**DATA TO PROCESS**:
○ ○ ○ ○ ○ ○ ○

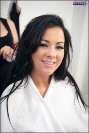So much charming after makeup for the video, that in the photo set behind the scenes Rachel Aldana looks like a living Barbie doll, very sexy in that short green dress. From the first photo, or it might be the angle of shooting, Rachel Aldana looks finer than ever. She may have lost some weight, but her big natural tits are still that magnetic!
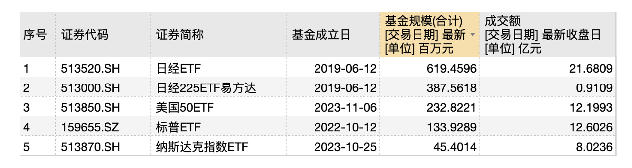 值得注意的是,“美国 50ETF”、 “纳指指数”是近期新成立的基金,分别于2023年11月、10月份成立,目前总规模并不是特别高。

○ ○ ○ ○ ○ ○ ○

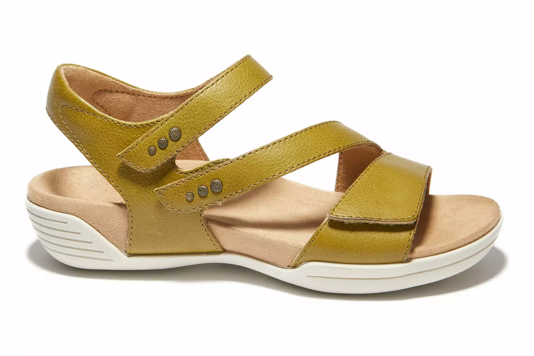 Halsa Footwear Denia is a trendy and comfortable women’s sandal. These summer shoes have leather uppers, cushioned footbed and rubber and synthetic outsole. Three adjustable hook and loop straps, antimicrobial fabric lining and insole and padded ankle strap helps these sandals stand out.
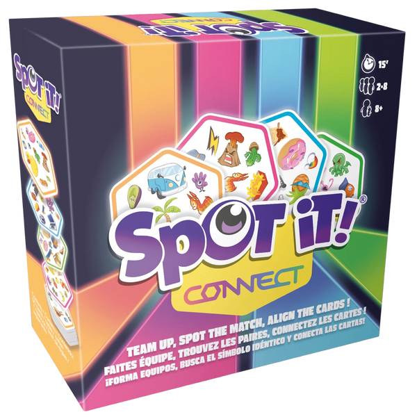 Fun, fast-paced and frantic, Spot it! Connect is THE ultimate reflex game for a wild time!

○ ○ ○ ○ ○ ○ ○

Leaving pictures out, output the lines of the data above from the one with "Halsa Footwear Denia" through the one with "Fun, fast-paced and", word for word.

 Halsa Footwear Denia is a trendy and comfortable women’s sandal. These summer shoes have leather uppers, cushioned footbed and rubber and synthetic outsole. Three adjustable hook and loop straps, antimicrobial fabric lining and insole and padded ankle strap helps these sandals stand out.
 Fun, fast-paced and frantic, Spot it! Connect is THE ultimate reflex game for a wild time!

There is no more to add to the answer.